Logs will be stored in GZIP format and will arrive a few minutes after requests.
2. Set Up the S3 Bucket
- Create (or choose) the S3 bucket for CloudFront.
- Make sure it’s in the same region as your Lambda (for simplicity).
- Enable event notifications:
- Event type: All Create Events
- Destination: SNS topic


3. Create an SNS Topic
- Go to the SNS console and create a new topic. You can keep the default settings.
- Subscribe your Lambda function to this topic (next step).
- You should change the Access Policy to let S3 publish messages to your s3 bucket.

{
"Version": "2012-10-17",
"Statement": [
{
"Effect": "Allow",
"Principal": {
"Service": "s3.amazonaws.com"
},
"Action": "SNS:Publish",
"Resource": "arn:aws:sns:[Your SNS ARN]"
}
]
}
4. Create the Lambda Function
You’ll use the provided Python script (which handles decompression, parsing, and uploading to OpenSearch).
- Do not forget to change the OpenSearch Endpoint in the script.
- Folder name must be python
- Python file name must be lambda_function.py
lambda_function.py :
import json
import gzip
import boto3
import base64
import logging
from datetime import datetime
from urllib.parse import unquote
import urllib3
logger = logging.getLogger()
logger.setLevel(logging.INFO)
s3 = boto3.client('s3')
def lambda_handler(event, context):
logger.info("Lambda function invoked")
logger.info(f"Received event: {json.dumps(event)}")
try:
sns_message = event['Records'][0]['Sns']['Message']

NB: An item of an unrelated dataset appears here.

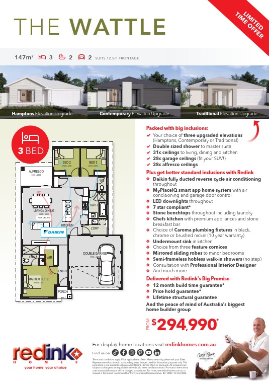 **A building contract will be entered into with Redink Homes for the home construction and site works and a separate land contract must be entered with the landowner as Redink Homes do not own the land. The listed lot is available at the time of print however may be sold by the owner without notice. If this is to occur a similar sized and priced lot may be offered and the package price will be adjusted accordingly.

s3_event = json.loads(sns_message)
bucket = s3_event['Records'][0]['s3']['bucket']['name']
key = unquote(s3_event['Records'][0]['s3']['object']['key'])
logger.info(f"Processing file: {key} from bucket: {bucket}")
response = s3.get_object(Bucket=bucket, Key=key)
logger.info("Successfully retrieved object from S3")
gzipped_content = response['Body'].read()
log_content = gzip.decompress(gzipped_content).decode('utf-8')
logger.info("Log file decompressed and decoded")
parsed_logs = parse_cloudfront_logs(log_content)
logger.info(f"Parsed {len(parsed_logs)} log entries")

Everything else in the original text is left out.